#### Exercise
Take the line with "The PREMIER DESTINATION" as the first and the last line of the data as the end. Write out both and every line between exactly, except pictures.

#### Supplied data
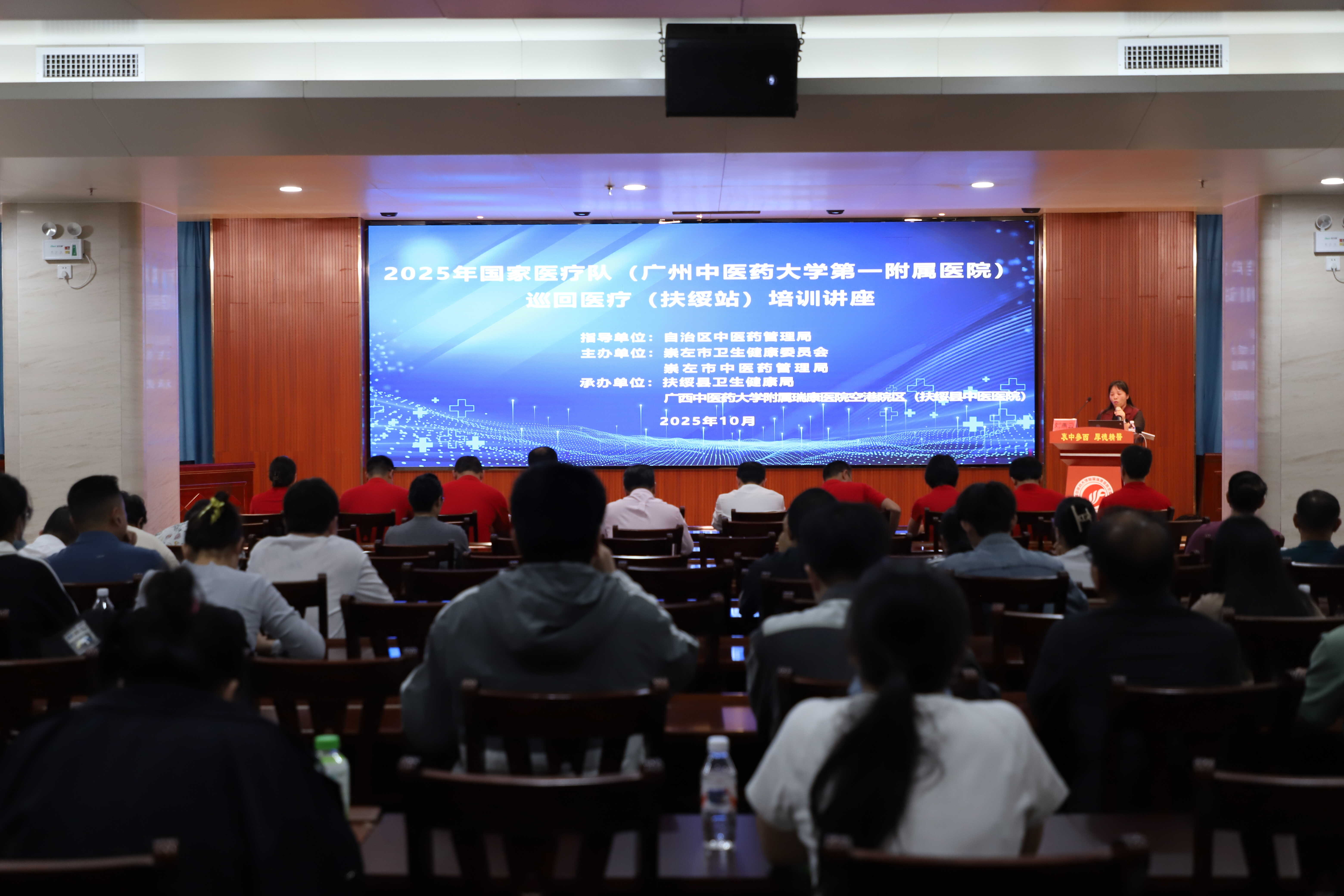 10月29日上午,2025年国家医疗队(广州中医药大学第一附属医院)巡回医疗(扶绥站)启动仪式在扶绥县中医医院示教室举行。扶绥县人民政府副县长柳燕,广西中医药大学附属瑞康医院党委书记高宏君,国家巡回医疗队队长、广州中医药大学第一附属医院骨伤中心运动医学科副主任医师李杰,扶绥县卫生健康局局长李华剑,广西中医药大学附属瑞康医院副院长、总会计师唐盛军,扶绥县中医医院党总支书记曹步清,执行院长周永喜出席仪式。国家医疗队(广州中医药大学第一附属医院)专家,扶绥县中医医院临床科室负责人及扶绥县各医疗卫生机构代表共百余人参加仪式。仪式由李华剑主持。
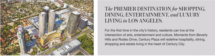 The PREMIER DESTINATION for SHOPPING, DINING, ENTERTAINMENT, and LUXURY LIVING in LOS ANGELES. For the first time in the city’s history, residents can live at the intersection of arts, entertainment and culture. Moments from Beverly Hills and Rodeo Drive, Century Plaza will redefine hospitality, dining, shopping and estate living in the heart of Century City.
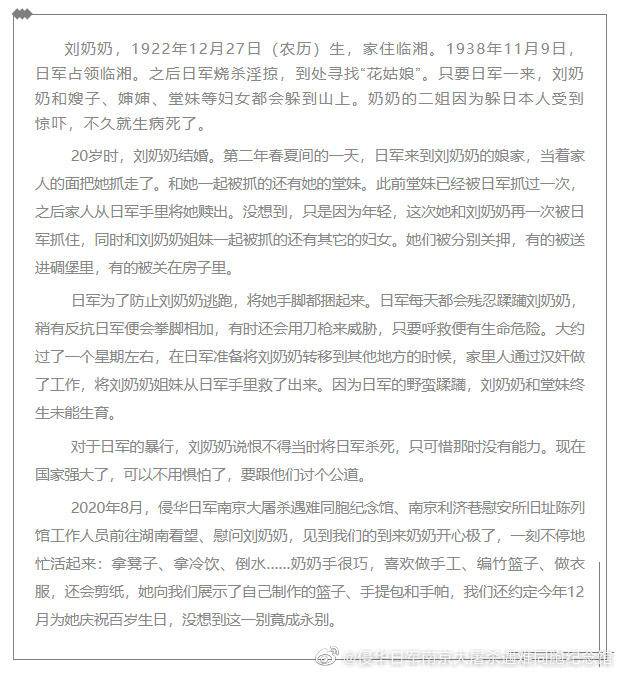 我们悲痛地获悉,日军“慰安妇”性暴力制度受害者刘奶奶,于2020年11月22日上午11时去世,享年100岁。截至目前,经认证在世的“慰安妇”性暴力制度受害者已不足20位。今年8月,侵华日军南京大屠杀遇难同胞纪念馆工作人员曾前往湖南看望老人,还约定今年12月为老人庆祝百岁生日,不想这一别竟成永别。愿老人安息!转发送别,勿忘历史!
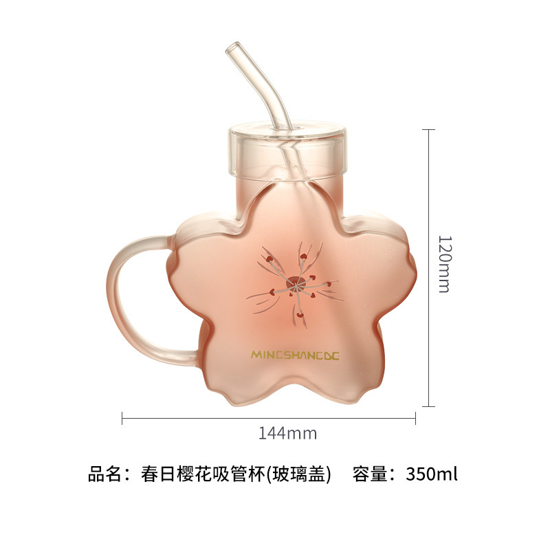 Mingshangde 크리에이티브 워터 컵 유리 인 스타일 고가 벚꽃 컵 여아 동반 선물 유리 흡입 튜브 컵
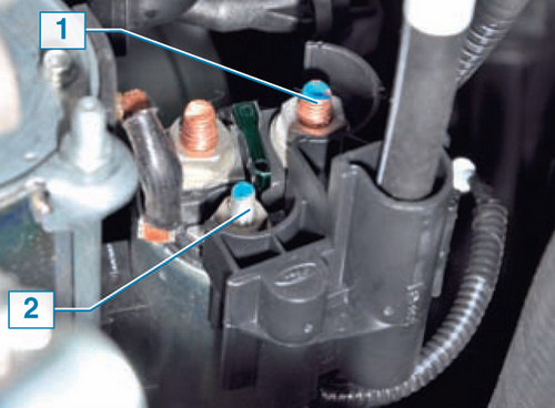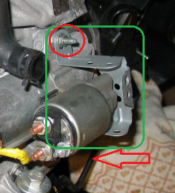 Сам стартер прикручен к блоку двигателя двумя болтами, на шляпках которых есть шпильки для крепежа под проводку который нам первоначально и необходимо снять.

#### Expected output
 The PREMIER DESTINATION for SHOPPING, DINING, ENTERTAINMENT, and LUXURY LIVING in LOS ANGELES. For the first time in the city’s history, residents can live at the intersection of arts, entertainment and culture. Moments from Beverly Hills and Rodeo Drive, Century Plaza will redefine hospitality, dining, shopping and estate living in the heart of Century City.
 我们悲痛地获悉,日军“慰安妇”性暴力制度受害者刘奶奶,于2020年11月22日上午11时去世,享年100岁。截至目前,经认证在世的“慰安妇”性暴力制度受害者已不足20位。今年8月,侵华日军南京大屠杀遇难同胞纪念馆工作人员曾前往湖南看望老人,还约定今年12月为老人庆祝百岁生日,不想这一别竟成永别。愿老人安息!转发送别,勿忘历史!
 Mingshangde 크리에이티브 워터 컵 유리 인 스타일 고가 벚꽃 컵 여아 동반 선물 유리 흡입 튜브 컵
 Сам стартер прикручен к блоку двигателя двумя болтами, на шляпках которых есть шпильки для крепежа под проводку который нам первоначально и необходимо снять.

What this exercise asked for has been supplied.